__ASSIGNMENT__. Range to repeat from the listing below: the line containing "Платье-накидка Armani Prive" down to the line containing "Natural Emerald &", both included. Copy it exactly, pictures excluded, and add nothing else.
Start of DATA
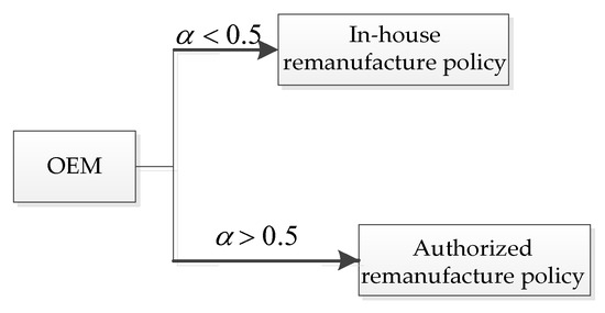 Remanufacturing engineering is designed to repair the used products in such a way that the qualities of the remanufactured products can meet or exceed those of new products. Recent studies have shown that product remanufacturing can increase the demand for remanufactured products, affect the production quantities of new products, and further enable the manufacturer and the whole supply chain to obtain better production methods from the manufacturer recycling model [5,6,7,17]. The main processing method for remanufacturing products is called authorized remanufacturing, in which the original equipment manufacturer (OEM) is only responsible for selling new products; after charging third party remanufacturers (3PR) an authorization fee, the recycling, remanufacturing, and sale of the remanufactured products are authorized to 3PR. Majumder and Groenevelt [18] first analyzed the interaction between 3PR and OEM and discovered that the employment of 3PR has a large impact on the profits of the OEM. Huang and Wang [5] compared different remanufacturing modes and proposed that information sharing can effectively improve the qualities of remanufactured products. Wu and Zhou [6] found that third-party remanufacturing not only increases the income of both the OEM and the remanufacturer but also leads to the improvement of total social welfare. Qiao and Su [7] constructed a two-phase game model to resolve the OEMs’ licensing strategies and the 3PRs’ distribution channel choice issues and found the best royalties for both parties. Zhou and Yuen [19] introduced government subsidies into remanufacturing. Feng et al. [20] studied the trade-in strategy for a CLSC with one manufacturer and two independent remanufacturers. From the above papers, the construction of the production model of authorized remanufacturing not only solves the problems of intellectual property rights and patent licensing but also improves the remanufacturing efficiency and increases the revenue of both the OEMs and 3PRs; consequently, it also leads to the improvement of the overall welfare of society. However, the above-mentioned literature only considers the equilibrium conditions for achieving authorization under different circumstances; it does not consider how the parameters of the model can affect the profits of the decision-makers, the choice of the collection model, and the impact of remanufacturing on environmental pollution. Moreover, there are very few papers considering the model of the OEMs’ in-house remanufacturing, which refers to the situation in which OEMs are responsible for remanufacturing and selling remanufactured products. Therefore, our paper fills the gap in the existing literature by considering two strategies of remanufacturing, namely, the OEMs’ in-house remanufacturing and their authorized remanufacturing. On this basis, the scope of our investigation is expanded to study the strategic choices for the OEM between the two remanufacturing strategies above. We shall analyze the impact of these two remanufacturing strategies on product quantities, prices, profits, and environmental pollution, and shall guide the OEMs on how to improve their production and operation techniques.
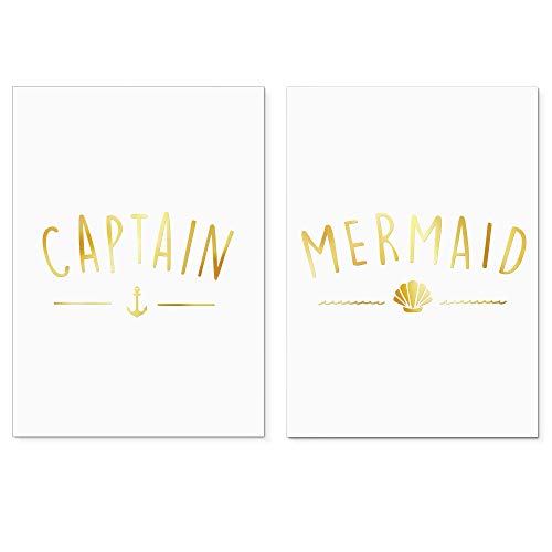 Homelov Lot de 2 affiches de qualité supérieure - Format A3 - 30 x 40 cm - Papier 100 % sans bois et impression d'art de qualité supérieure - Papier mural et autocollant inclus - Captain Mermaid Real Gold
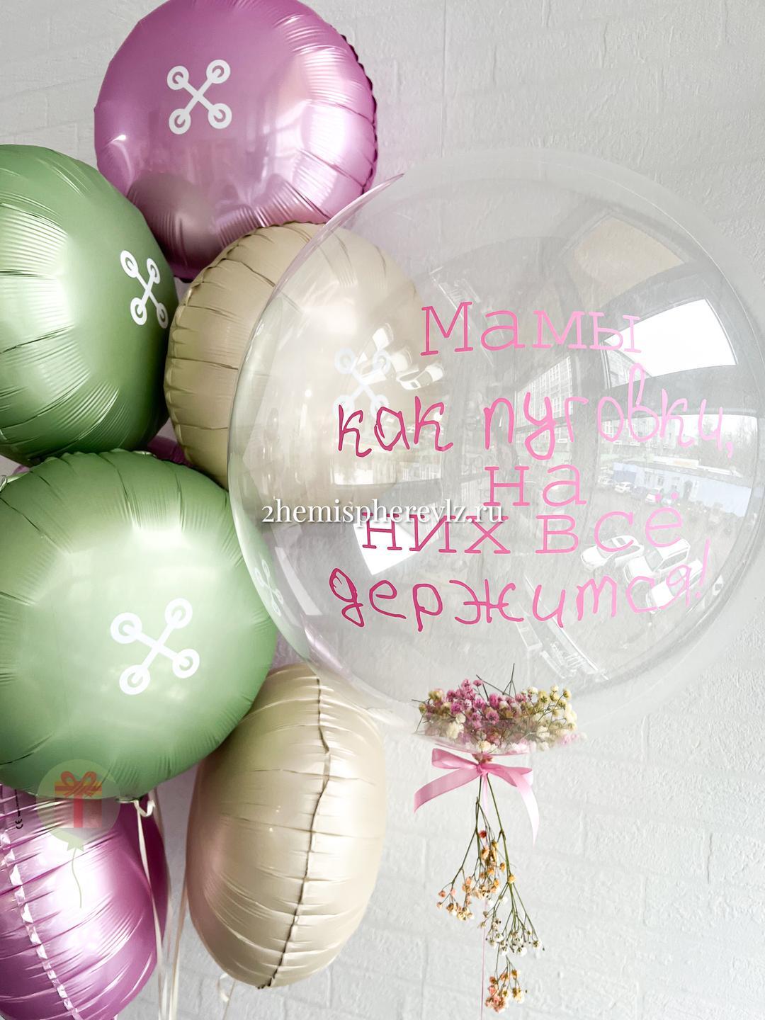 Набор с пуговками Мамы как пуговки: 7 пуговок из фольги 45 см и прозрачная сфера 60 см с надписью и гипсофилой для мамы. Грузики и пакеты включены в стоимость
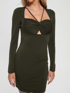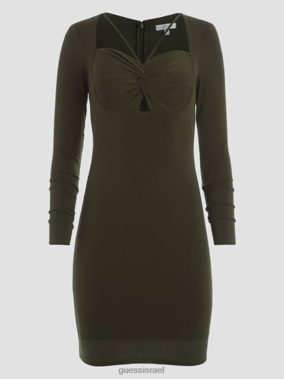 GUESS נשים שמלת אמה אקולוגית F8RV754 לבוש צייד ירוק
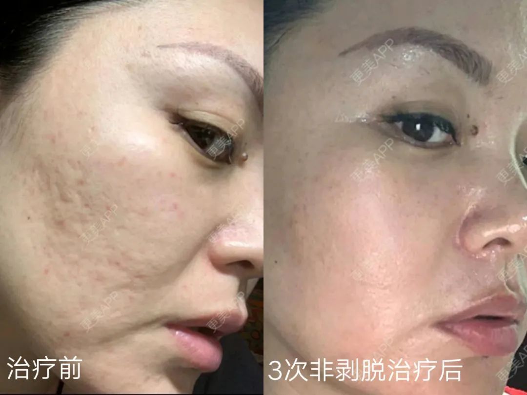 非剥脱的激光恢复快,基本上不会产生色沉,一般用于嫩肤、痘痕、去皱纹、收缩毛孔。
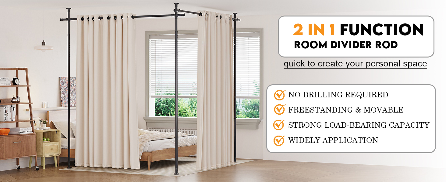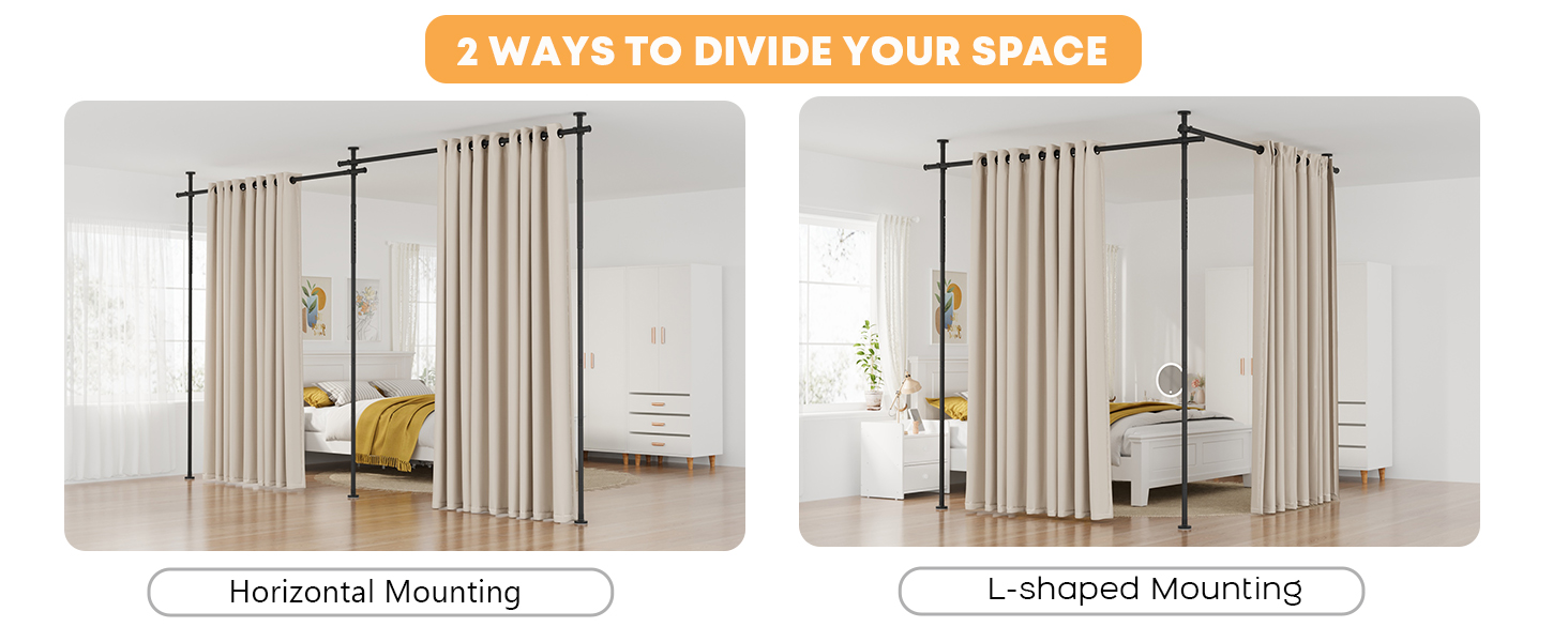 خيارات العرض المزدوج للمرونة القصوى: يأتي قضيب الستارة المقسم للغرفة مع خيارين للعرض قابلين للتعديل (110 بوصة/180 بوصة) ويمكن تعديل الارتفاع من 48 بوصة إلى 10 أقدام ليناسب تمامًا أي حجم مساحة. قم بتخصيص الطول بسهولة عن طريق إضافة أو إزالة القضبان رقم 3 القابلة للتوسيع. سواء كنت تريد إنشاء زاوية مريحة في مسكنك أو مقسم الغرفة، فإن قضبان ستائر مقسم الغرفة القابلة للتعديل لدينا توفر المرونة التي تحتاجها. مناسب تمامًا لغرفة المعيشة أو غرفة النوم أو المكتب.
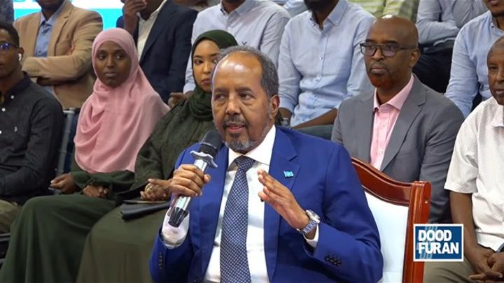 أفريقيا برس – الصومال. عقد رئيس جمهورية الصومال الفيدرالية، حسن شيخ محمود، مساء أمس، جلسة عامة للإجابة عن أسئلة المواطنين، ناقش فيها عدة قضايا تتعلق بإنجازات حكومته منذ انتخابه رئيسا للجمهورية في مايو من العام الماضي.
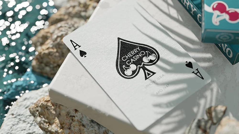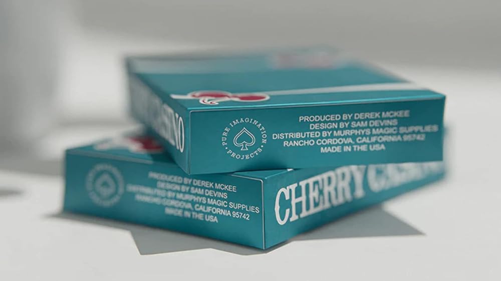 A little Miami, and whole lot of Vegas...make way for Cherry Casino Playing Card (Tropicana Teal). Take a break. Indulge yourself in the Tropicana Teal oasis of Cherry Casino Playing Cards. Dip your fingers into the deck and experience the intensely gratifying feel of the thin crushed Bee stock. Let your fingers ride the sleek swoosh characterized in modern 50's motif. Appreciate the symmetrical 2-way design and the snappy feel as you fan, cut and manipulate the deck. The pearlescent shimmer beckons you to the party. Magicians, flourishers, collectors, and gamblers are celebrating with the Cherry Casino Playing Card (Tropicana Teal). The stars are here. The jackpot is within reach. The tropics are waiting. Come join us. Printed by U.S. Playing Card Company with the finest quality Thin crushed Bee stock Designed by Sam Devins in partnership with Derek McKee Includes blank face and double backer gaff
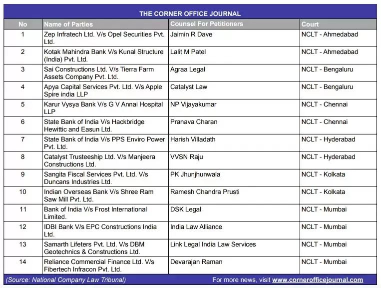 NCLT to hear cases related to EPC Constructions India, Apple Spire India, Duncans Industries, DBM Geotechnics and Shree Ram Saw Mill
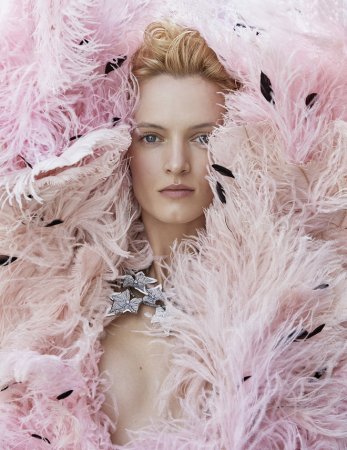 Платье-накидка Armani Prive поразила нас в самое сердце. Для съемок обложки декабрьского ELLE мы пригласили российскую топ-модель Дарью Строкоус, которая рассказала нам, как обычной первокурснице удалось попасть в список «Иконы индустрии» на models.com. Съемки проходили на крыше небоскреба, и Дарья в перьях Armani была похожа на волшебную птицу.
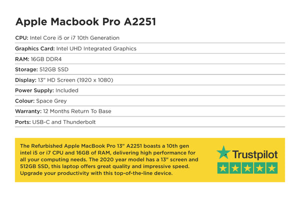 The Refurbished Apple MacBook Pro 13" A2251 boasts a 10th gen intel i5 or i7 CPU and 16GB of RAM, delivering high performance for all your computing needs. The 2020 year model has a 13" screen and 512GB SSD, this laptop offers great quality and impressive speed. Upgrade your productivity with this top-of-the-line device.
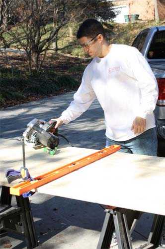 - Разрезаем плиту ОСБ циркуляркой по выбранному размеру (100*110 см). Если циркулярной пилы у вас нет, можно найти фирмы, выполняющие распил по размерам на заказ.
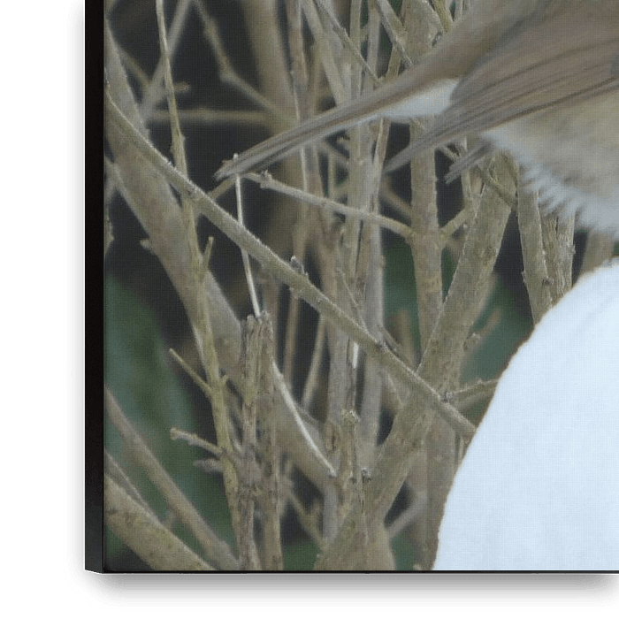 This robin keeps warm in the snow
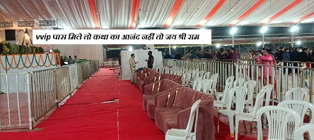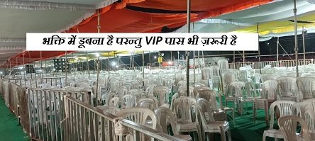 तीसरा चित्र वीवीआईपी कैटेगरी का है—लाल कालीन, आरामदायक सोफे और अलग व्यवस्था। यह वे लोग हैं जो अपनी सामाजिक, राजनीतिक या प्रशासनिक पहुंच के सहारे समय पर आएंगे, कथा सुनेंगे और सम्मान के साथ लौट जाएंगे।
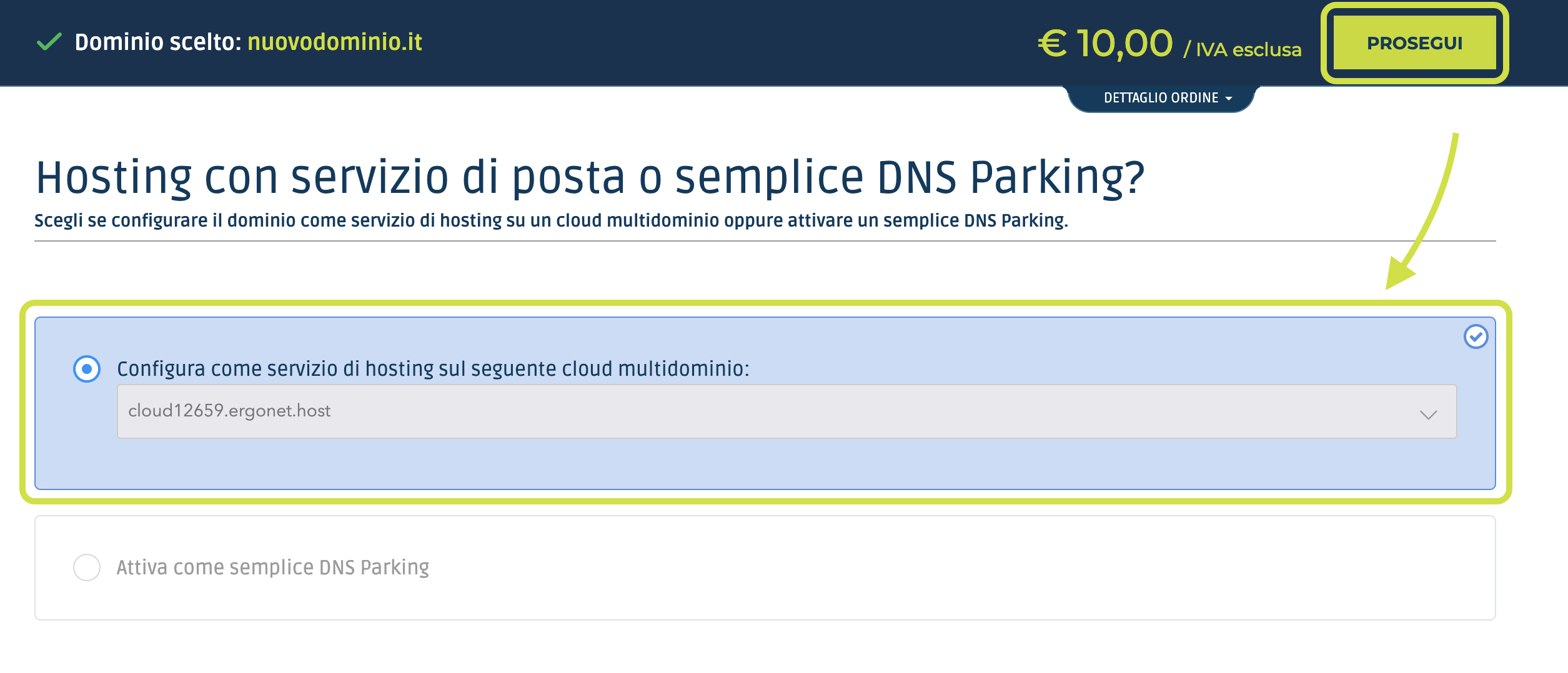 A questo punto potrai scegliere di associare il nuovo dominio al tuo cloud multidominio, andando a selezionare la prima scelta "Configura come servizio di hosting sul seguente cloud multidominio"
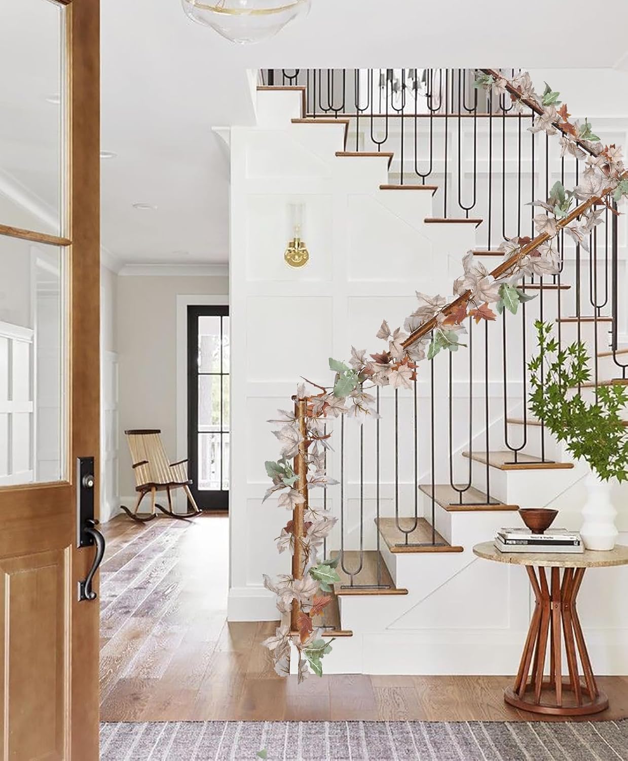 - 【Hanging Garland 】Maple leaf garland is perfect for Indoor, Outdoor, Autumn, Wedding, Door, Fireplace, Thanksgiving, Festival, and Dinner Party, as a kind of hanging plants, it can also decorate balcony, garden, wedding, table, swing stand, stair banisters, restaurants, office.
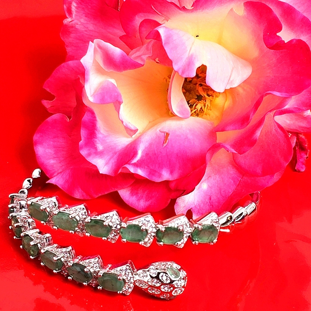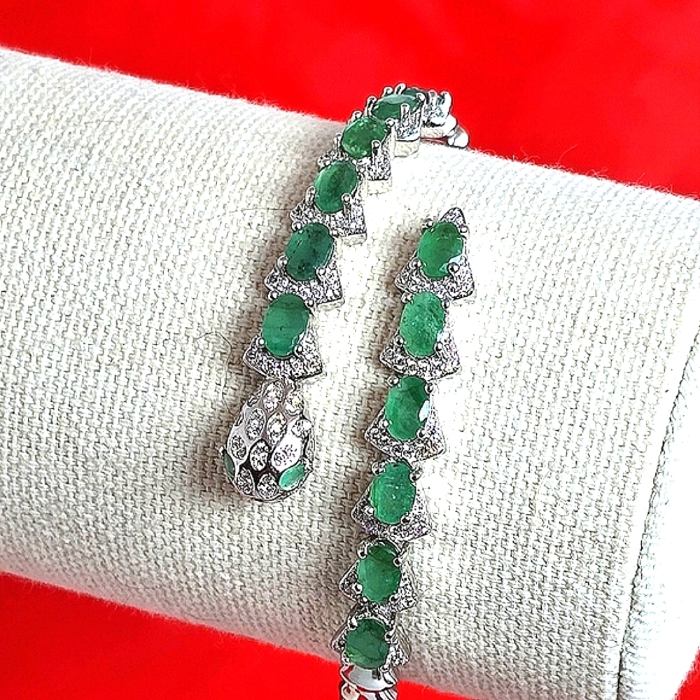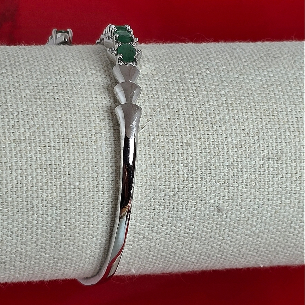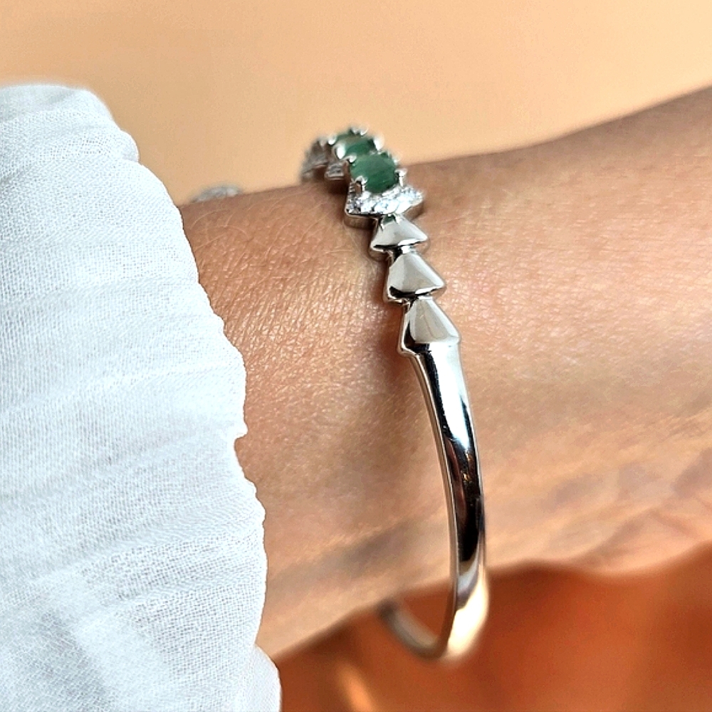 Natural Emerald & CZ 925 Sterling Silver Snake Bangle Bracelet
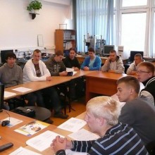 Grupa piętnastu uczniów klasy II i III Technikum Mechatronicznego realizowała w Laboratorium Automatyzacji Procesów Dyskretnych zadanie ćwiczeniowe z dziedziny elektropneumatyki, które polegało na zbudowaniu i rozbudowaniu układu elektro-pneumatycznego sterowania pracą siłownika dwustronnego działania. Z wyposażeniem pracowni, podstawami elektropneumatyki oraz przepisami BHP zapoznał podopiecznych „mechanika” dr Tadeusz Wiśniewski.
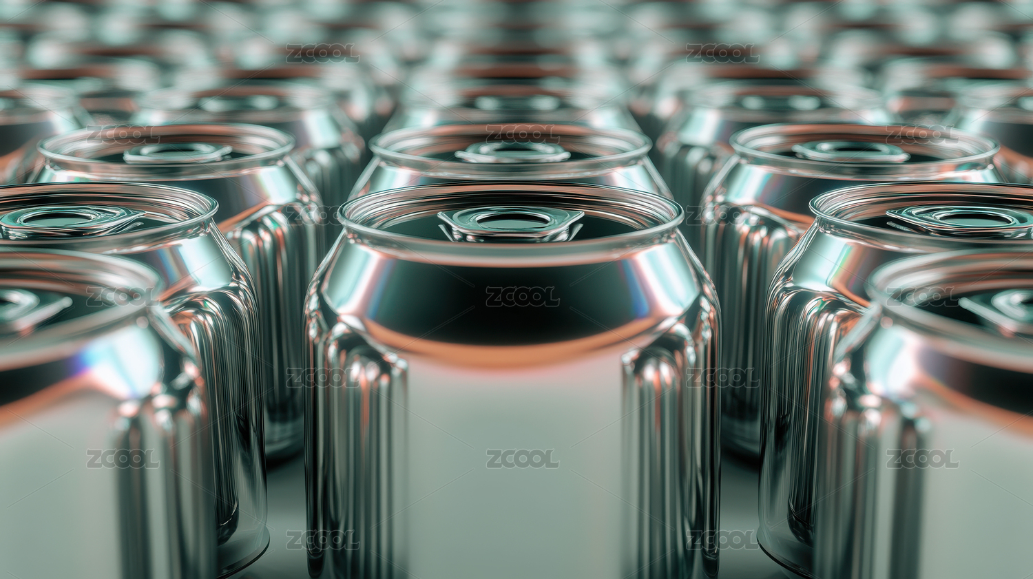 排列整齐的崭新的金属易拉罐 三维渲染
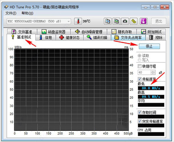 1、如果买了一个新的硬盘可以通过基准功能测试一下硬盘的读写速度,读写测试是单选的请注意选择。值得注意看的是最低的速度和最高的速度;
End of DATA
__TASK SOLUTION__.
 Платье-накидка Armani Prive поразила нас в самое сердце. Для съемок обложки декабрьского ELLE мы пригласили российскую топ-модель Дарью Строкоус, которая рассказала нам, как обычной первокурснице удалось попасть в список «Иконы индустрии» на models.com. Съемки проходили на крыше небоскреба, и Дарья в перьях Armani была похожа на волшебную птицу.
 The Refurbished Apple MacBook Pro 13" A2251 boasts a 10th gen intel i5 or i7 CPU and 16GB of RAM, delivering high performance for all your computing needs. The 2020 year model has a 13" screen and 512GB SSD, this laptop offers great quality and impressive speed. Upgrade your productivity with this top-of-the-line device.
 - Разрезаем плиту ОСБ циркуляркой по выбранному размеру (100*110 см). Если циркулярной пилы у вас нет, можно найти фирмы, выполняющие распил по размерам на заказ.
 This robin keeps warm in the snow
 तीसरा चित्र वीवीआईपी कैटेगरी का है—लाल कालीन, आरामदायक सोफे और अलग व्यवस्था। यह वे लोग हैं जो अपनी सामाजिक, राजनीतिक या प्रशासनिक पहुंच के सहारे समय पर आएंगे, कथा सुनेंगे और सम्मान के साथ लौट जाएंगे।
 A questo punto potrai scegliere di associare il nuovo dominio al tuo cloud multidominio, andando a selezionare la prima scelta "Configura come servizio di hosting sul seguente cloud multidominio"
 - 【Hanging Garland 】Maple leaf garland is perfect for Indoor, Outdoor, Autumn, Wedding, Door, Fireplace, Thanksgiving, Festival, and Dinner Party, as a kind of hanging plants, it can also decorate balcony, garden, wedding, table, swing stand, stair banisters, restaurants, office.
 Natural Emerald & CZ 925 Sterling Silver Snake Bangle Bracelet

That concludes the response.